Tue Dec 7 16:34:43 EST 2004

Paul wrote:
> I expect a few repeats for most of the keys, and that s actually part
> of what I want to figure out in the end. (Said loosely, I want to group
> all the data entries having "similar" keys. For this I need to sort the
> keys first (data entries having _same_ key), and then figure out which
> keys are "similar").

If this is really your final goal, you may not want to sort.  Consider 
code like the following:

 >>> entries = [('a', '4'),
...            ('x', '7'),
...            ('a', '2'),
...            ('b', '7'),
...            ('x', '4')]
 >>> counts = {}
 >>> for entry in entries:
...     key = entry[0]
...     counts.setdefault(key, []).append(entry)
...
 >>> for key in counts:
...     print key, counts[key]
...
a [('a', '4'), ('a', '2')]
x [('x', '7'), ('x', '4')]
b [('b', '7')]

I've grouped all entries with the same key together using a dict object 
and without the need for any sorting.  If you had a good definition of 
'similar', you could perhaps map all 'similar' keys to the same value in 
the dict.

If you really do need to sort, Python 2.4 provides a very nice way to 
sort by a particular key:

 >>> import operator
 >>> entries = [('a', '4'),
...            ('x', '7'),
...            ('a', '2'),
...            ('b', '7'),
...            ('x', '4')]
 >>> entries.sort(key=operator.itemgetter(1))
 >>> entries
[('a', '2'), ('a', '4'), ('x', '4'), ('x', '7'), ('b', '7')]

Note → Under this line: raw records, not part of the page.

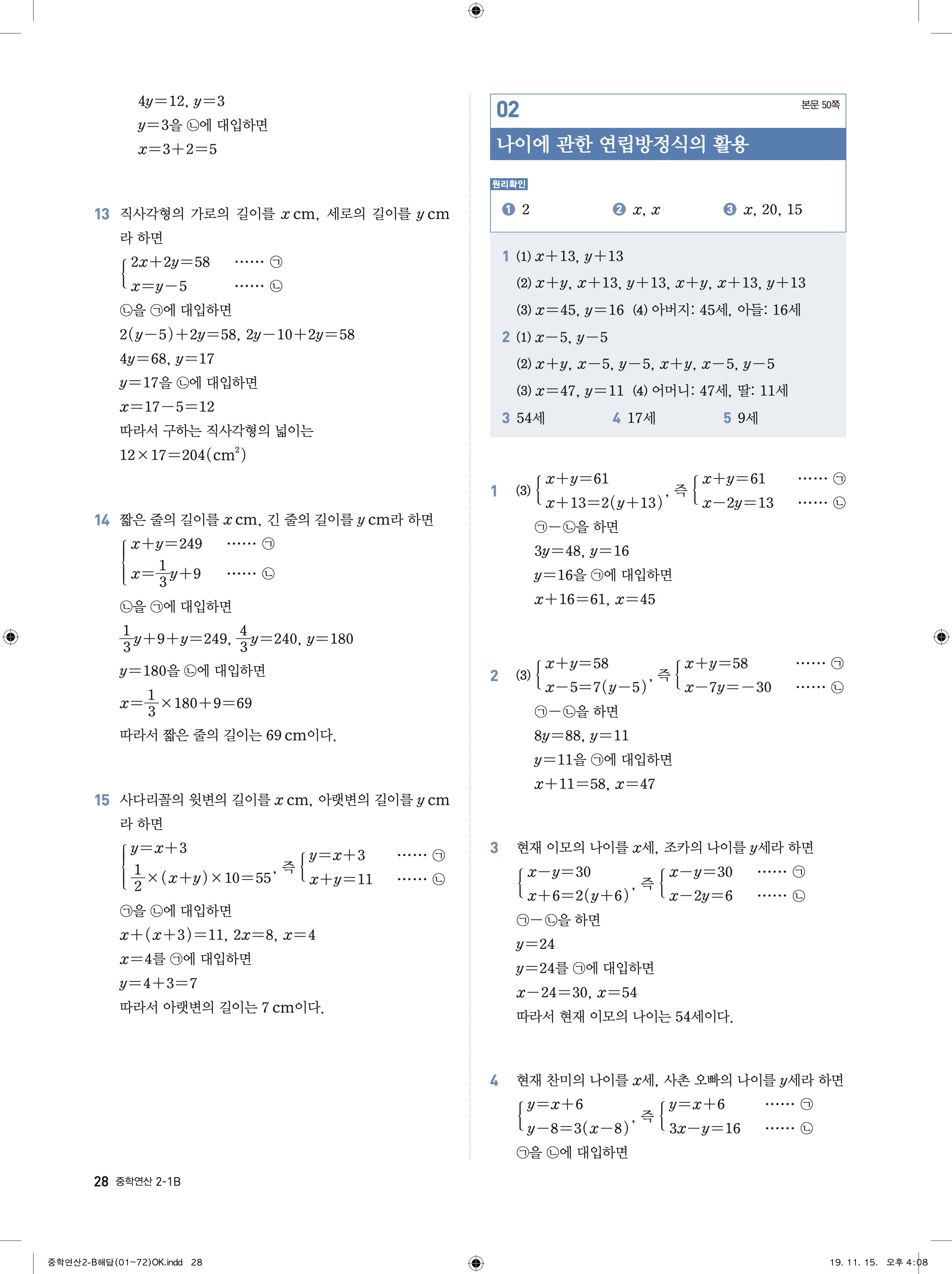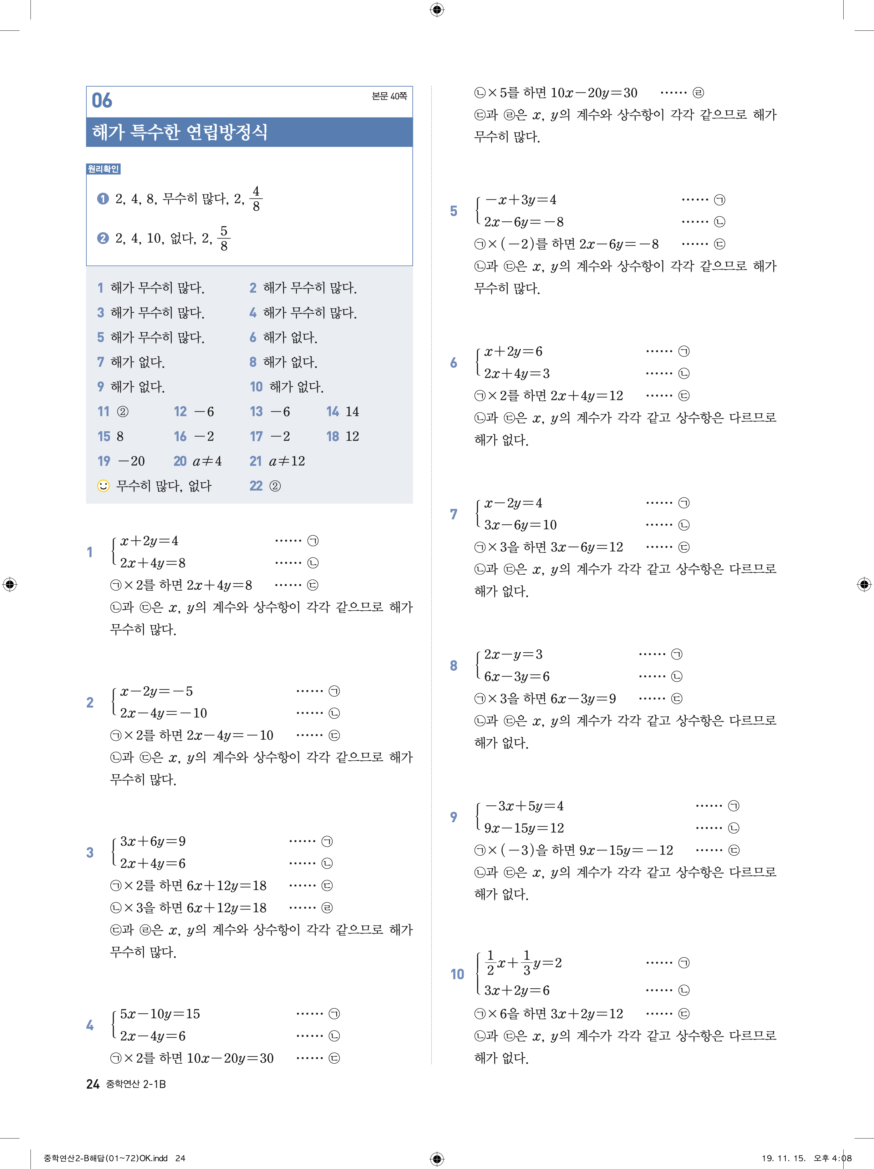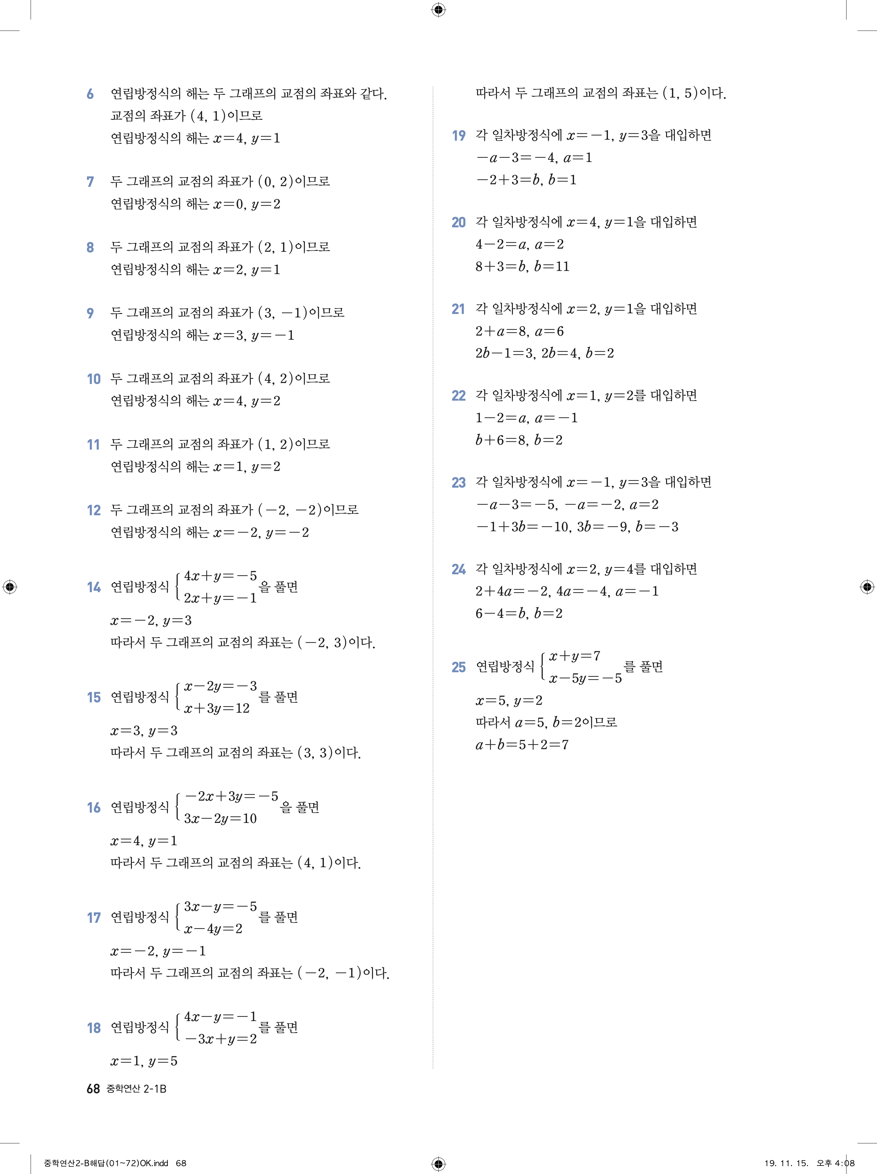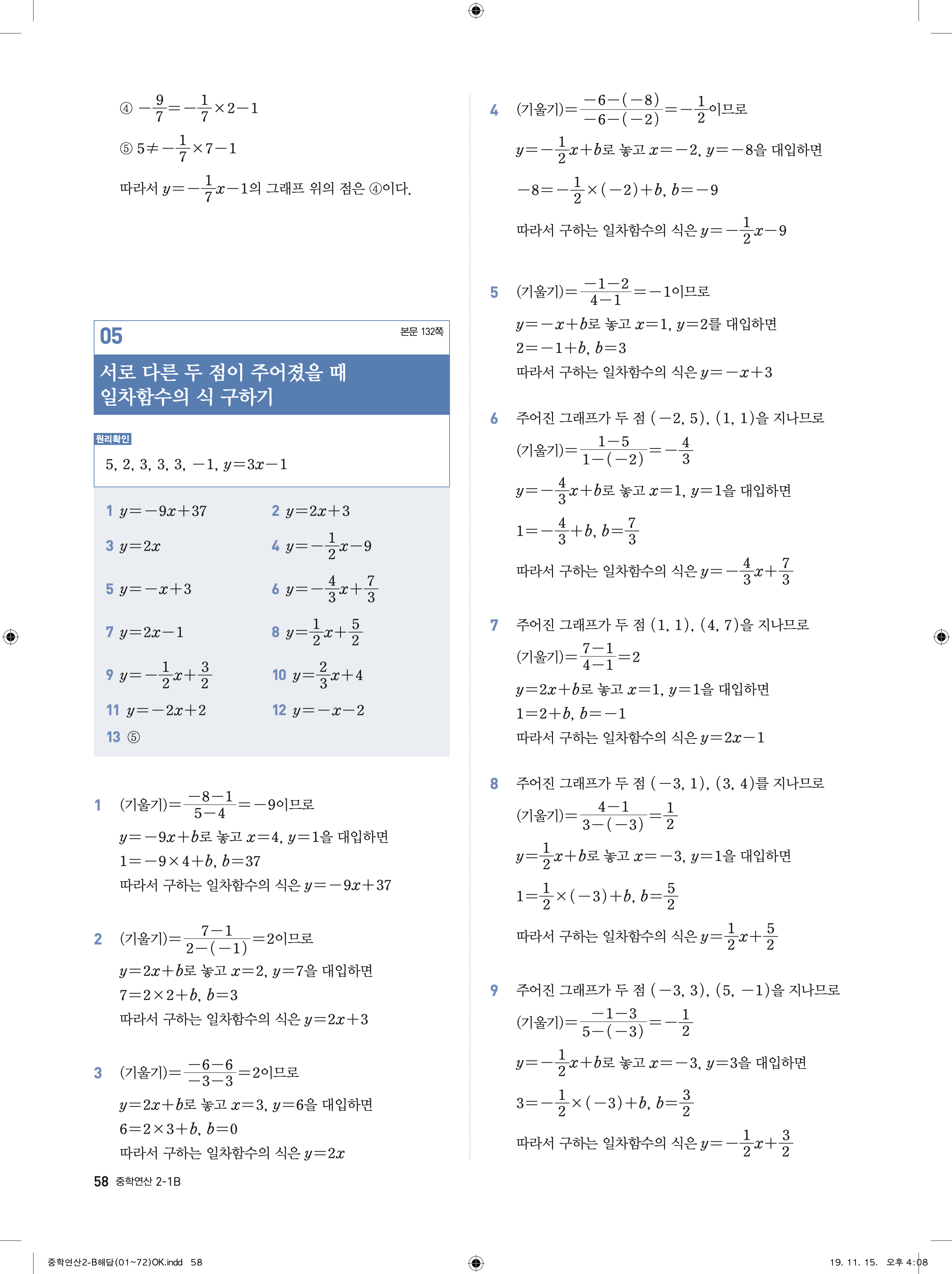 디딤돌 중학연산 2-1B 답지 해설 바로보는 사진답지 빠른답지 모바일최적화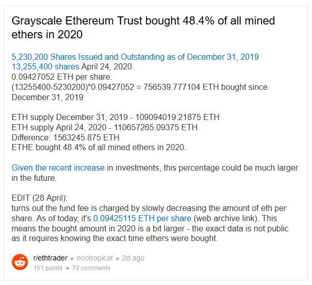 Grayscale bought 756539.777104 ETH since December 31, 2019, which represents a little less than 50% of the total ETH mined during the year, this data can be verified by comparing the number of tokens that the firm had since December, concerning the last stats reported on its page.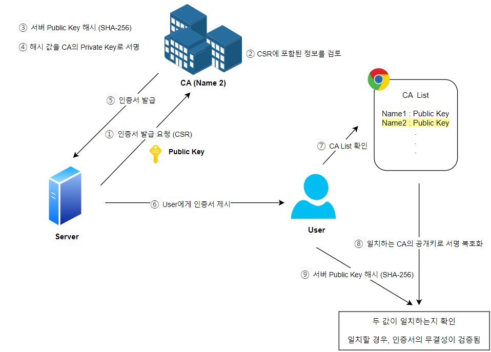 클라이언트는 서버의 공개키를 해시한 후, 8번의 결과와 비교한다. 두 결과가 같을 경우, 해당 인증서가 위조되지 않았음을 인증하게 되는 것이다.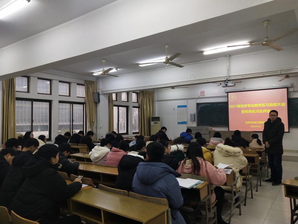 本网讯 1月3日上午八点半,化学与化学工程学院于锦绣校区博约楼310教室召开了2017级化学专业教育实习总结暨优秀实习生评选会,化学与化学工程学院经理董华泽教授、化学教育系全体教师及2017级化学专业全体同学参加了会议,会议由化学教育系主任凌波主持。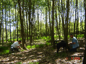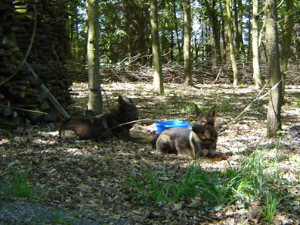 Am Samstag, dem 28.05.2011 war wie angekündigt das Welpentreffen der Plotthounds auf dem Gelände der Hubertusmeute. Wir trafen uns bei herrlichstem Wetter und natürlich denkbar guter Laune. Die Teilnahme war zwar nicht so berauschend, aber was soll's wir sind ja flexibel und es konnte der ganzen Sache keinen Abbruch tun. Zum Anfang fiel mir auf, dass es mit der Leinenführigkeit nicht zum Besten stand. Ich erklärte Allen, dass die Hunde spätestens zur Prüfung locker ohne zu ziehen an der Leine gehen müssen. Denn wie soll sonst ein Hund in seiner Form beurteilt werden? So begannen wir den Tag mit etwas Training, was dieses Problem betraf. Es war für alle beeindruckend zu sehen, dass sich schon nach einer kurzen Zeit eine deutliche Besserung zeigte. Die Hundeführer waren froh, für diese nicht so leicht zu knackende Hürde ein paar Tipps zu bekommen, ohne auf die noch relativ jungen Hunde zu hohen negativen Druck auszuüben. Danach durften die Hunde auf dem eingezäunten Platz frei spielen, was sie sichtlich genossen. Schnell war es Mittag. Zeit für eine deftige Stärkung, natürlich Thüringer Bratwürste...Echte!!! und Rostbrätl. Auch an Getränken aller Art mangelte es nicht. Sehr zu Aller Freude traf jetzt auch noch ein Plottführer mit Familie ein. Der Hund hatte das 1. Jahr schon vollendet und kam nicht aus unserem Zwinger. Aber genau das war ja unsere Idee. Durch solche Aktionen das Vereinsleben zu bereichern. Nach der Mittagspause rüsteten wir uns, um im Revier eine Jusi mit allem Drum und Dran durchzuspielen. Alle Hunde zeigten Interesse an der sich bewegenden Sau (Schwarte mit Haupt). Die Reaktion auf Schuß und Sau reichte vom Fassen, über Verbellen, bis zum Ignorieren. So weiß jetzt jeder Hundeführer wie sein Hund auf diese Situation reagiert. Nachdem alle wieder in der Zwingeranlage angekommen waren folgte eine Auswertung des Erlebten. Ein informativer, lehrreicher und somit gelungener Tag war die einhellige Meinung. Mit tollen Erlebnissen und Aufgaben im Gepäck (...dran bleiben, Ihr wisst jetzt vorauf es ankommt!) fuhren Alle in ihre nah oder fern gelegenen Reviere.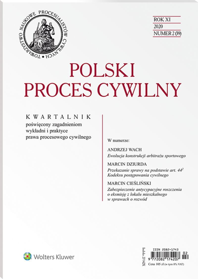 | Spis treści | ARTYKUŁY I STUDIA Andrzej WachEwolucja konstrukcji arbitrażu sportowego , str. 177 Agnieszka GołąbJurysdykcja krajowa w sprawie o wydanie europejskiego nakazu zabezpieczenia na rachunku bankowym , str. 202 Marcin DziurdaPrzekazanie sprawy na podstawie art. 442 Kodeksu postępowania cywilnego , str. 235 Marcin CieślińskiZabezpieczenie antycypacyjne roszczenia o eksmisję z lokalu mieszkalnego w sprawach o rozwód , str. 273 Magdalena HiltTeoria utraty szansy a ciężar dowodu w prawie belgijskim , str. 291 Robert TalagaRozliczenie kuratora spadku działającego przed sądem administracyjnym , str. 302 NA MARGINESIE ORZECZNICTWA Mateusz KotowiczPotwierdzenie przez następcę procesowego czynności procesowej dokonanej przez nienależycie umocowanego pełnomocnika poprzednika. Glosa do postanowienia Sądu Apelacyjnego w Katowicach z 11.09.2012 r., V ACz 629/12 , str. 316 Z ŻYCIA NAUKOWEGO PROCESUALISTÓW CYWILNYCH Łukasz CzarneckiSprawozdanie z Ogólnopolskiej Konferencji Naukowej „Nowy kształt polskiego procesu cywilnego”, która odbyła się w Łodzi w dniu 6.12.2019 r. , str. 328 |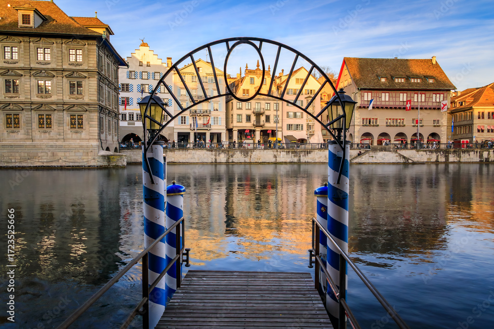 Samolepka A pier with a decorative arch and blue striped poles on the Limmat River with hi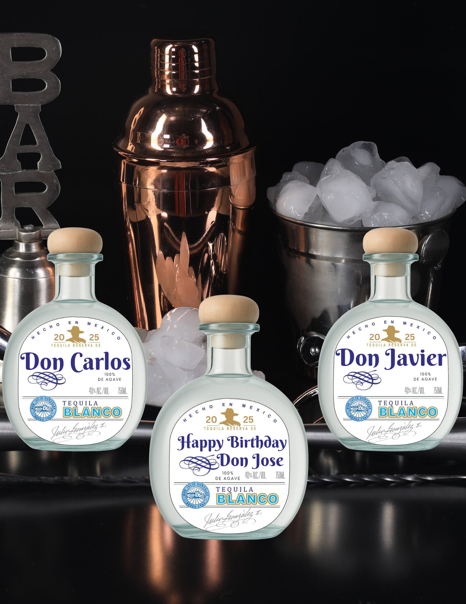 Label fits most standard tequila bottles but is fully resizable in Canva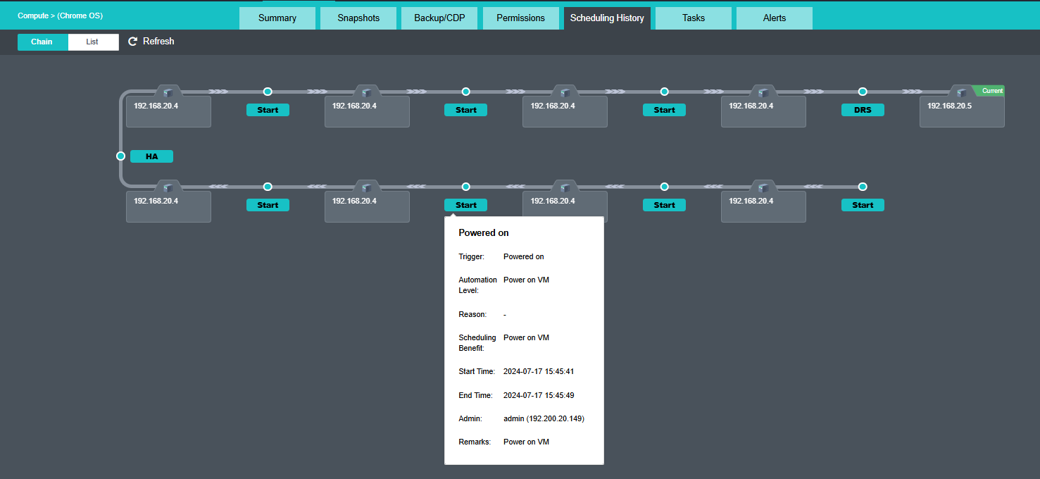 Go to the Scheduling History page of the VM to view the migration details by chain or by list.
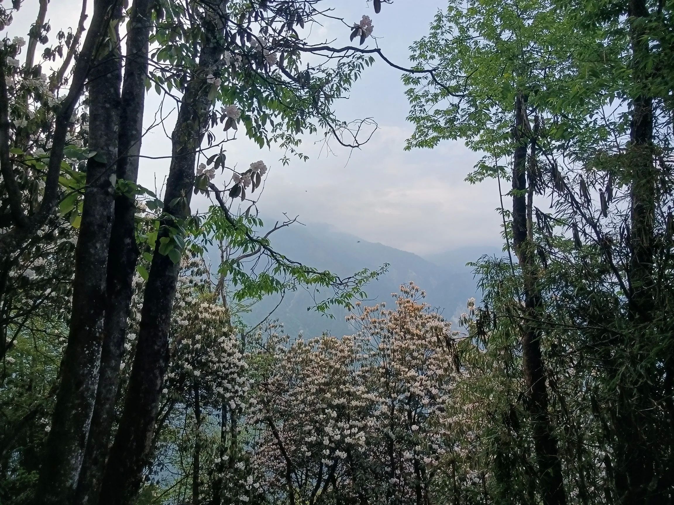 观光车的终点玻璃栈道才是真正徒步的起点,至天虞峰(海拔2020),再绕行至后山山门,至少需要六个小时!杜鹃花在海拔一千五米以上,有一公里的距离,完全在花海中穿行,珙桐也恰逢花季,白色的鸽子花在风中摇曳,极美!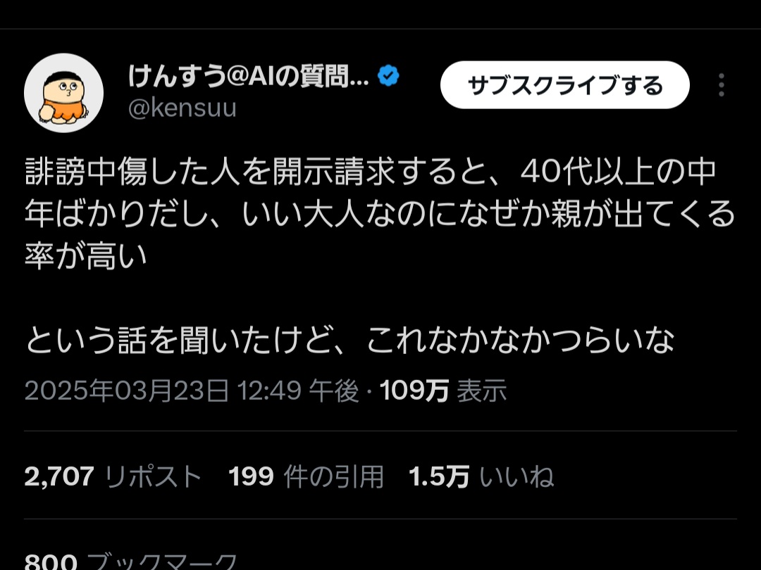 | … | 96無念Nameとしあき25/11/23(日)13:50:28No.1368137865+>まあそもそもいい歳して妻子持ちならネットで誹謗中傷したりしないよね普通は |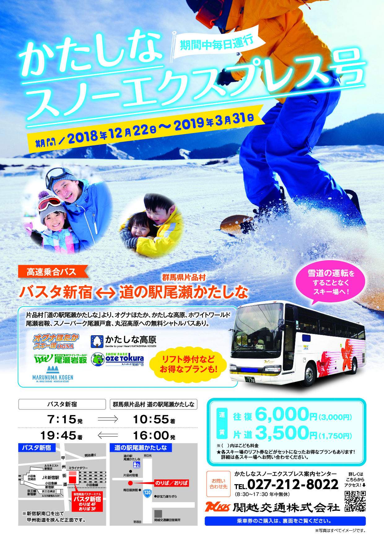 今年は『かたしなスノーエクスプレス号』 ”バスタ新宿” より期間中毎日運行します!

Here, I've sorted the entries by the second item in each tuple.  If you 
go this route, you should also look at itertools.groupby:

 >>> import itertools
 >>> entries = [('a', '4'),
...            ('x', '7'),
...            ('a', '2'),
...            ('b', '7'),
...            ('x', '4')]
 >>> entries.sort(key=operator.itemgetter(1))
 >>> for key, values in itertools.groupby(entries, operator.itemgetter(1)):
...     print key, list(values)
...
2 [('a', '2')]
4 [('a', '4'), ('x', '4')]
7 [('x', '7'), ('b', '7')]

The groupby basically does the sort of grouping of a sorted list that I 
think you had in mind...

Steve